Tommy’s mother is in the hospital, and he doesn’t quite understand why. He was sitting on the window seat in her room (which happened to be the For Every Season There is a Miracle Room) while she lay intubated and unconscious. I asked what was going on, and he got a little agitated and explained that he didn’t understand all the things the doctors had said. It was at that point I realized that Tommy has a lower IQ than many people, but it didn’t stop him from talking animatedly about his Baptist church right down the road.

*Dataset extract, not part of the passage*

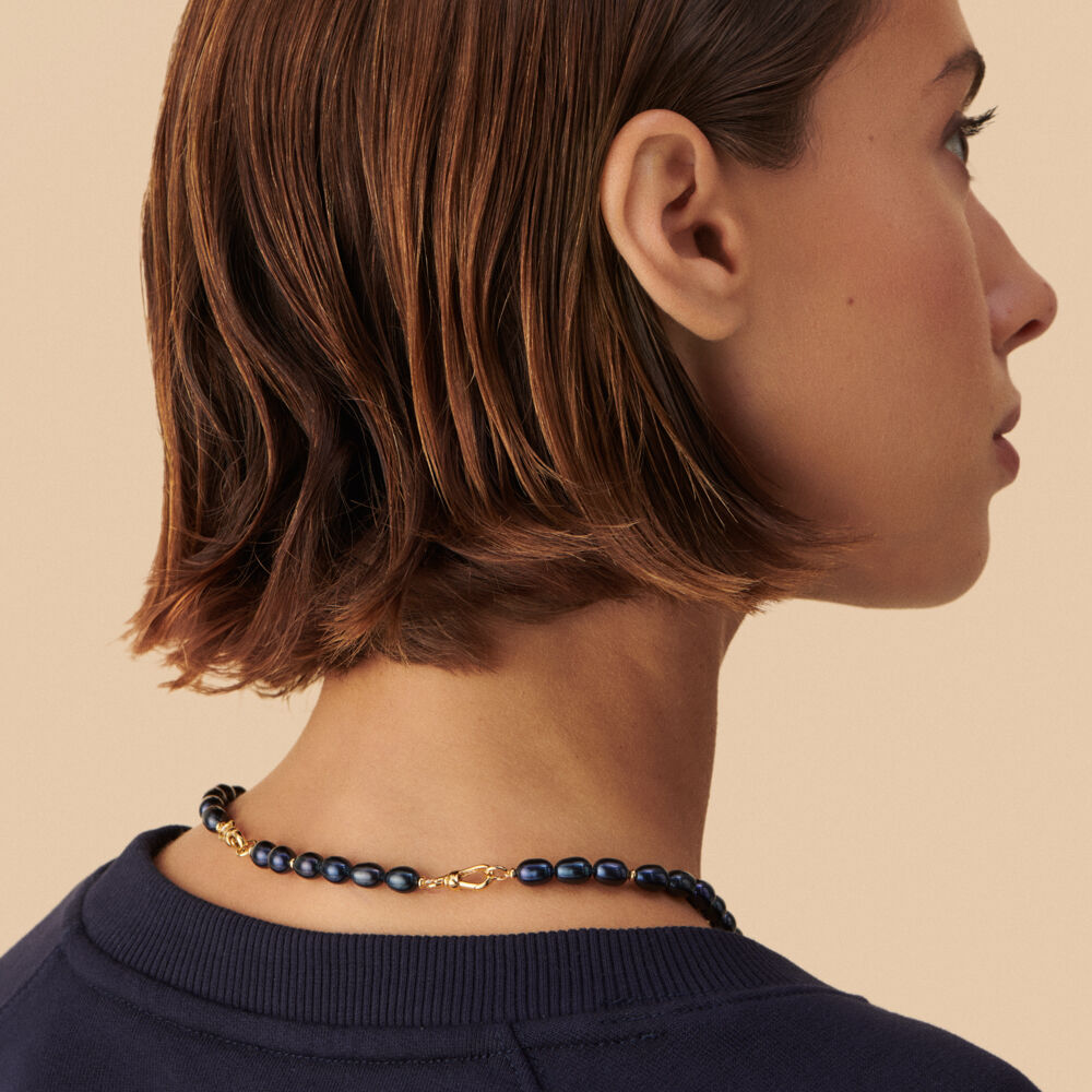 Mid-long necklace in full natural pearls and 750/1000 gold plated brass. .

He proudly told me that it’s his job to cut the grass because he’s the only person who is qualified to do it, and just like that I thought of Forrest Gump, the ‘gozillionaire’ who offered to cut the massive town hall lawn for free. Tommy takes great pride in what he does, as if it were the most important thing in the world – and to him, it is. He also said to me that God is his special friend. I was envious of his ability to focus only on what’s right in front of him and be happy about it, until I realized that one needn’t be Forrest Gump to do that. Worrying about what might be is pointless. Of course, God told us that, but hey, I’m only human. I worry, and I imagine the worst, which nets me nothing more than unwanted stress. I think God sent Tommy to me, and me to Tommy, so that we could offer each other the support that each of us needs. For Tommy, it was prayer about his mother’s situation. For me, it was the lesson that I need to focus on what’s right in front of me, and put all my energy into that, instead of wasting it on the hypothetical. After all, you never know what you’re gonna get in that box of chocolates called life. When you get stuck with a coconut when you were really expecting caramel, instead of imagining where the caramel might be hiding, enjoying the chocolate that covers the coconut is what counts.